I discovered open3D and I am trying to use it to render and analyze confocal microscope images without relying on commercial software. I have experience in 2D image analysis but I am new to 3D, I am looking to maybe find advice and share what I do.
I work with confocal microscopy, which is a technique that acquire an image in each focal plane of a sample. A typical datasets is composed by stack of images in which each stack represent a deeper position in a sample (the gif below shows a cell with vesicles acquired with a confocal microscope and rendered with 3D viewer in ImageJ).
For what I understand, in a case like this everything start by extracting a point cloud and then render the volumes from it.
To convert a stack of images to a point cloud, I iterate* through the stack of image and extract the coordinate and intensity** value for each pixel above a certain threshold.
My output look like:
[x, y, z, r, g, b]
…multiples rows later…
[xn, yn, zn, rn, gn, bn]
Usually the results are very dense point cloud mainly where are located structure of interest. What could be a strategy to render them and create volumes?

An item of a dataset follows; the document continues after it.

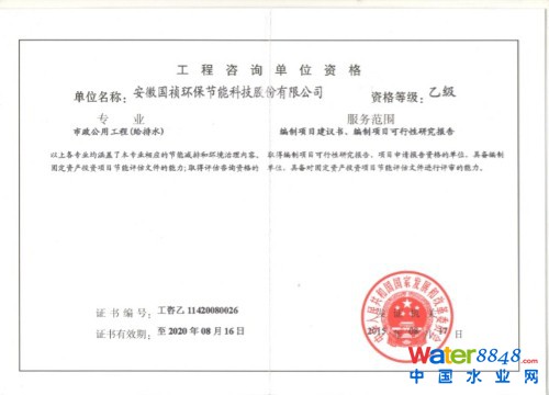 核心提示: 國(guó)禎環(huán)保設(shè)計(jì)研究院經(jīng)營(yíng)業(yè)務(wù)范圍主要有:市政污水處理廠及配套管網(wǎng)工程咨詢和設(shè)計(jì)、工業(yè)廢水處理工程咨詢和設(shè)計(jì)、污水處理回用工程咨詢和設(shè)計(jì)、污泥處理工程咨詢和設(shè)計(jì)、河道及湖泊治理工程咨詢和設(shè)計(jì)、土壤及地下水污染評(píng)估及修復(fù)、污水處理廠各專業(yè)設(shè)計(jì)優(yōu)化等,現(xiàn)持有國(guó)家住建部環(huán)境工程(水污染防治工程)專項(xiàng)設(shè)計(jì)甲級(jí)證書、國(guó)家發(fā)改委市政公用工程(給排水)工程咨詢乙級(jí)證書。 國(guó)禎環(huán)保設(shè)計(jì)研究院豐富的設(shè)計(jì)、咨詢經(jīng)驗(yàn)?zāi)軌驗(yàn)榭蛻籼峁╉?xiàng)目建議書、可行性研究報(bào)告、初步設(shè)計(jì)及施工圖設(shè)計(jì)服務(wù)。累計(jì)完成各類項(xiàng)目工

// I add these notes that might be helpful to somebody else //
1* To get the coordinates of pixel above a certain threshold in an image, I use
numpy.where(image > threshold)
that return two array, one for the x and y position. The depth (z-position) will depend on the stack number (each images is acquired at a further depth).
2* It’s trivial but took me some time to get to it, a grayscale image can be converted to RGB by putting the same grayscale intensity in each channel (R, G and B). Since o3D works with float divide the intensity by the byte resolution (e.g. divide the pixel intensity by 255 if you are in 8bit).